Avec Die Moskauer Prozesse, l'essayiste, metteur en scène, réalisateur de cinéma, et directeur de théâtre bernois Milo Rau met en scène un procès autour de la liberté d’expression et des tensions existantes entre l’art et la religion dans la Russie du début du XXIe siècle. Pour se faire, il invite la justice à se rendre sur les lieux mêmes du crime: le Centre Sakharov à Moscou.
En effet, c’est dans ce centre qu’en 2003 a eu lieu l’exposition Attention! Religion détruite en partie par des extrémistes orthodoxes. Suite à ces préjudices matériels et moraux, le système judiciaire russe prit le parti des malfaiteurs. C’est cet événement ainsi que les procès infâmes à l’encontre des organisateurs de l’exposition L’art interdit (2006) et la condamnation des pussy riots à 2 ans de prison pour leur prière-surprise dans la cathédrale du Christ-Sauveur (2012) qui inspira ce projet.

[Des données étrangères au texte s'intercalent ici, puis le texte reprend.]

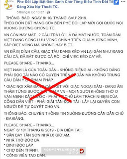 Fanpage “Phe Đối Lập Bật Đèn Xanh Chờ Tổng Biểu Tình Đổi Tên Đảng Xóa Nợ Thoát TC” đã thông tin cụ thể ngày giờ kèm các địa điểm tập kết như sau “Ngày 8/10 tháng 6/2019 – địa điểm tại: Sân bay Tân Sơn Nhất 8 giờ A.M; Nhà thờ Đức Bà; Dinh Độc Lập; Chợ Bến Thành; Công viên Tao Đàn…”.

Ainsi, avec Die Moskauer Prozesse, Milo Rau questionne les rapports entre l’art et la religion. Dans ce film, on voit un tribunal, une juge, des accusés, des plaignants, un jury et pourtant nous ne sommes pas dans un tribunal, mais sur une scène de théâtre. C’est grâce au théâtre que Milo Rau va plus loin que le politique en permettant aux deux camps de développer leurs idées face à un jury neutre et non pas acquis à l’une des causes. En convoquant les vrais protagonistes de ces différents procès et en les laissant s’exprimer face à un jury populaire l’artiste tente de faire dialoguer ces deux camps qui ne s’écoute pas.
Contrairement à la tragédie ou aux procès staliniens dont l’issue est jouée d’avance, le théâtre documentaire de Milo Rau permet de convoquer la vraie essence de la démocratie.